Bobo knocked at the house. They invited her to dinner. Speaking with the farmer, he learned that he had a daughter, sick for six years, but no doctor knew what illness, and now he was dying.
I challenge! – Bobo said: – It is God who punishes her. Six years ago he threw the sacred host into the ditch. We need to look for this host, and then have it communicated devoutly; then he will recover.
The farmer trasecolò. – But who do you know all these things from?
“From frogs,” said Bobo.
The farmer, though without understanding, rummaged in the ditch, found the host, made his daughter communicate, and she healed. Bobo did not know how to make up for it, but he did not want anything, took leave, and left.
One hot day, he found two men resting in the shade of a chestnut tree. He lay down next to them and asked them to keep them company. They began to talk: – Where are you going, you two?
– In Rome, let’s go.

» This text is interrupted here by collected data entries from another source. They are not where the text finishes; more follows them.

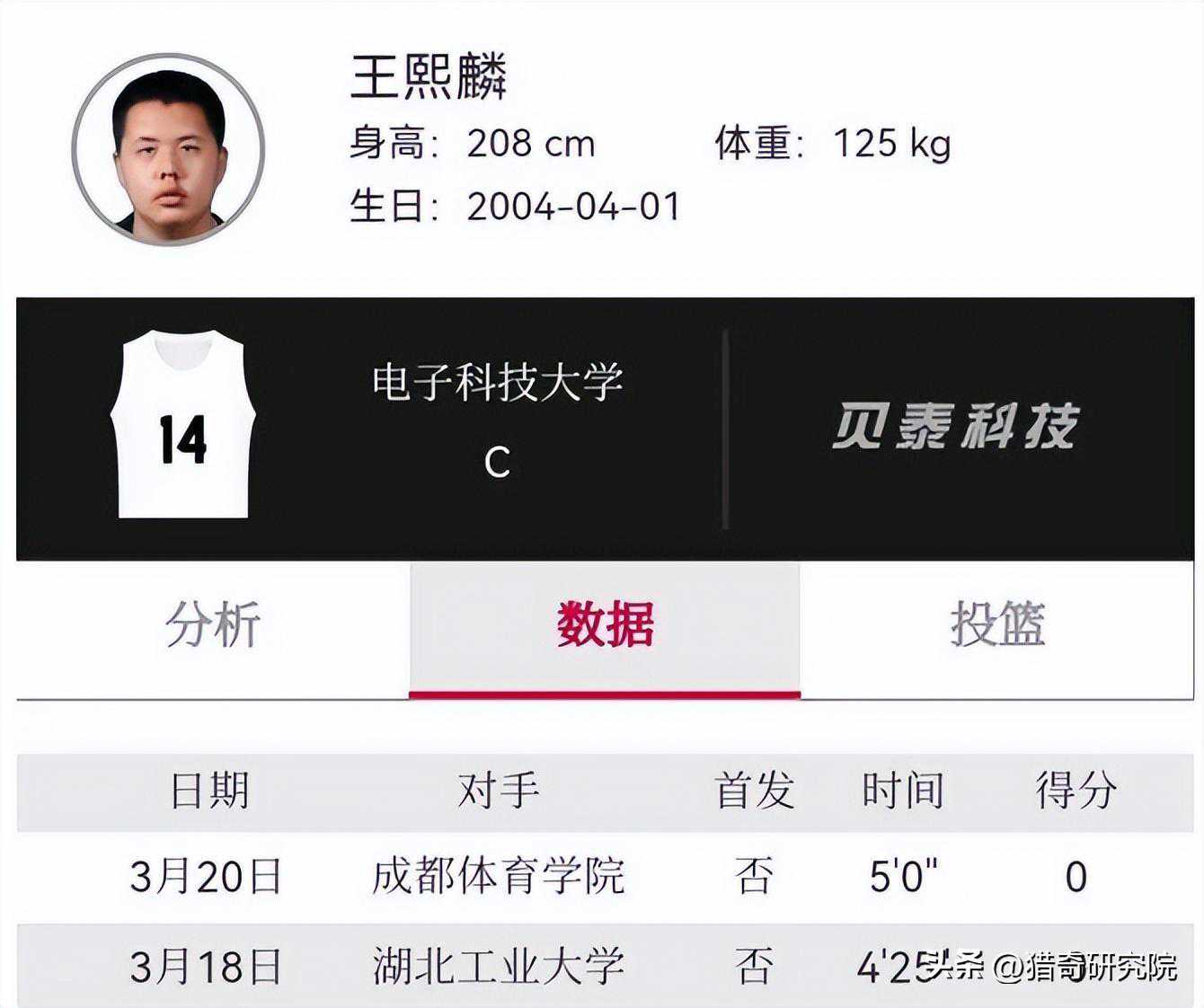 在电子科大队与湖北工业大学的这场比赛中,王熙麟替补出场4分25秒,仅仅拿到了两个篮板。
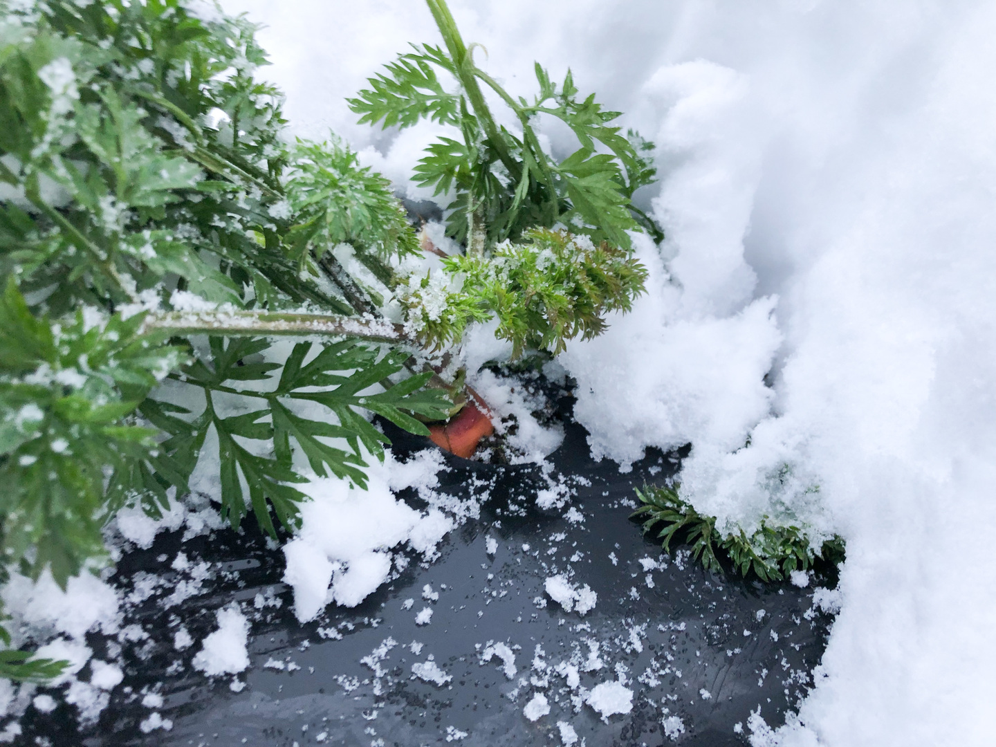 当農園の雪下ニンジンは、農薬を使わず育てております。農薬を使用しませんので、少し形が悪かったり、頭の部分が日焼けや霜、雪にあたり色が変わった物もありますが、問題ありませんので安心して食べてください^ ^
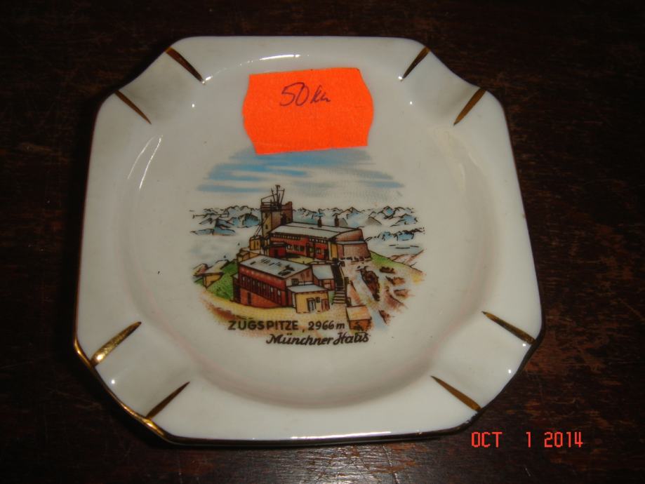 porculanska - suvenir pepeljara Zugspitze iz 60 - tih 8x8cm
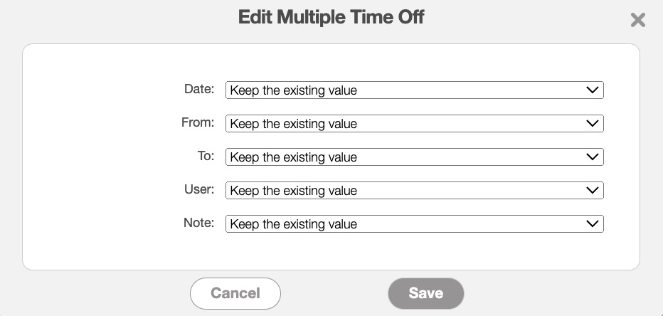 The Edit Multiple Time Off pop-up window will then appear:

Do not you know that the Pope died and the new Pope is elected?
Meanwhile, a flight of sparrows came to rest on the branches of the chestnut tree. Even these sparrows are going to Rome, “said Bobo.
– And how do you know? – asked those two.
“I understand their language,” said Bobo. He listened, and then: “Do you know what they say?
– They say that one of the three of us will be elected Pope.
At that time, to elect the Pope, a dove was left free to fly in the square of St. Peter full of people. The man on whose head the dove was supposed to be placed was to be elected Pope. The three arrived in the crowded square and hunted among the crowd. The dove flew, flew, and settled on Bobo’s head.
In the midst of songs and shouts of joy he was hoisted on a throne and dressed in precious clothes. He rose to bless, and in the silence he had made in the square he heard a cry. An old man had fallen to the ground as dead. The new Pope came and in the old man recognized his father. The remorse had killed him and he barely had time to ask his son for forgiveness, then to die in his arms.
Bobo forgave him, and he was one of the best popes the Church ever had.